# Diesel Cold Start Revisited



## Ed Williams (Jun 13, 2019)

It's official. I have developed a serious case of the dreaded TRACTORITIS, or better known as Ford Tractor Fever. I woke up Friday morning to a balmy 17 deg F. My first thought was not food, bathroom visit, or any other common, normal item. My very first thought was 17 deg, let's go see if the diesel tractor will start at this temp. I must be really sick. I have had an idea bouncing around in my head for several weeks, but the weather has not cooperated. I watched several YouTube videos during our current monsoon season, all showing different methods of cold starting diesel engines. Almost all centered around applying internal/ external heat to the engine to aid cold starting. These included soaking a sponge in diesel fuel, lighting it and sticking it down the intake manifold. What happens to the dirty soot from the sponge being sucked into the motor? Anot her was lighting a fire in a paint can and sticking it under the oil pan, effectively burning all the paint off the oil pan but not heating the motor. Then rhee are all the various types of external heaters for the dipstick, block and radiator hose inserts. All require some electrical/ mechanical work and have various success rates. All are attempting to preheat the motor for easier starting, so I decided to investigate a little different method of preheating the motor. I just needed a day sufficiently cold enough to see if my method would work. My idea was built on the same method as Ford's thermal start, but I consider a little safer. I removed the rubber boot between the intake filter and the intake manifold. I inserted my 
B & D heat gun set on medium heat into the intake manifold. It sat in there perfectly without having to hold it. I had my hand on the rear of the intake at #3 cylinder. At the three minute mark, the intake was pleasantly warm to the touch. At 5 minutes the intake was warm enough to be uncomfortable to hold with standard cotton gloves, switched to welding gloves.I was afraid overdoING it, so cranked it over. Enine started in less than 2 seconds. The best start ever for this tractor, includING 85 and 90 degree summer days. No block heater, no thermal start, no homemade starting fluid, no ether. I was really impressed. If you have electric for rhe block heater, give this a try. You may be surprised. I really like being able to use hot air as a starting aid instead of flammables.


----------



## bmaverick (Feb 20, 2014)

Ed, we all get that odd tractor fever just knowing, what will happen IF moments.  

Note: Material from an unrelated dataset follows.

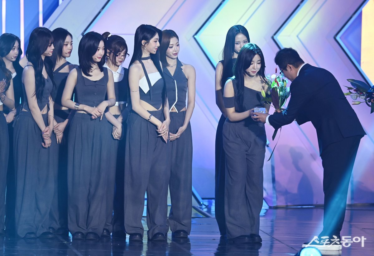 스포츠동아가 주최하고 ‘유픽(upick)’과 WSM이 주관하는 ‘유픽과 함께 하는 제1회 디 어워즈(D Awards with upick)’(주최: 스포츠동아, WSM · 주관: UPICK, WSM · 후원: G.K Link, ITTA)가 22일 서울 고려대학교 화정체육관에서 개최됐다. 디 어워즈 UPICK 인기상을 수상한 트리플에스(tripleS)가 임찬 유픽 대표로부터 트로피를 받고 있다. 주현희 기자 teth1147@donga.com

My thermostart has been broken for the past 2 winters. The YM2610 sits in a lean-to shelter. It was 15F today. It has 5W30 as the winter oil. It fired right up. Tonight -20F real feel (9F). Winds are 45mph. I REAL MISS TN right now !  

In 48 hours; rain to ice to snow to high winds and minus real feel. The wind is so strong, the cold just slices thru the insulated walls like nothing.  

Glad your Ford is doing well too. Funny how Ford tractors are NH serviced machines that are now owned by Fiat-Chrysler.  Our family first tractor my dad had was a 1948 8N. It was already 12VDC converted. Bummer it got sold. 

Also read some good history about Ford-Ferguson inventing and using the 3pt hitch system we all use today.


----------



## Hoodoo Valley (Nov 14, 2006)

Awesome!


----------



## marc_hanna (Apr 10, 2017)

Good idea!

When it’s real cold here (-15c or colder), I leave the block heater on 24/7 and she starts up real nice. Otherwise, I only preheat for a couple hours prior to use.


----------



## Ed Williams (Jun 13, 2019)

More good news. We had some very unusual weather here for the last 10 days. Three storms passed thru sporting mild temps, moderate to heavy rain, and sustained winds of 60 mph, gusts to 68 mph. Usually, really bad storms here are 40 to 50 mph max. My homemade canopy shed took it like a champ, still standing and no roof leaks. Tarp is tied down with bungee cord per instructions. It moves and flaps quite abit, but no damage. Manufacturer may be correct in using a loose tied own instead of a tight one. Only problem is the west side is about 2" low and half of shelter stays muddy. If we get good weather I can move enough dirt in 3-4 hours with blade to raise floor elevation and put in drainage ditch. tractors stayed DRY. Next project, enclose 1 end and 2 sides, and install temp/perm electric service from 50 amp dedicated service in garage.


----------



## Ed Williams (Jun 13, 2019)

The 8N's were great all around tractors. A few limitations with modern attachments, but still function quite well. I kept my NAA because I've had it 45 years and it goes places the 4000 won't due to size diff, and it is very similar to 8N's except it has a side mount distributor instead of front mount. A friend who lives 5 miles away now has 6 of the 8N's with no signs of stopping. He travels a good bit and if he sees one in good shape and worth the money, he brings it home. NONE are for sale. His only quirk is he wants them as is, no restoration. To each his own, I prefer a Shiney one.


----------



## Maggie280 (Feb 13, 2020)

Ed Williams said:


> The 8N's were great all around tractors. A few limitations with modern attachments, but still function quite well. I kept my NAA because I've had it 45 years and it goes places the 4000 won't due to size diff, and it is very similar to 8N's except it has a side mount distributor instead of front mount. A friend who lives 5 miles away now has 6 of the 8N's with no signs of stopping. He travels a good bit and if he sees one in good shape and worth the money, he brings it home. NONE are for sale. His only quirk is he wants them as is, no restoration. To each his own, I prefer a Shiney one.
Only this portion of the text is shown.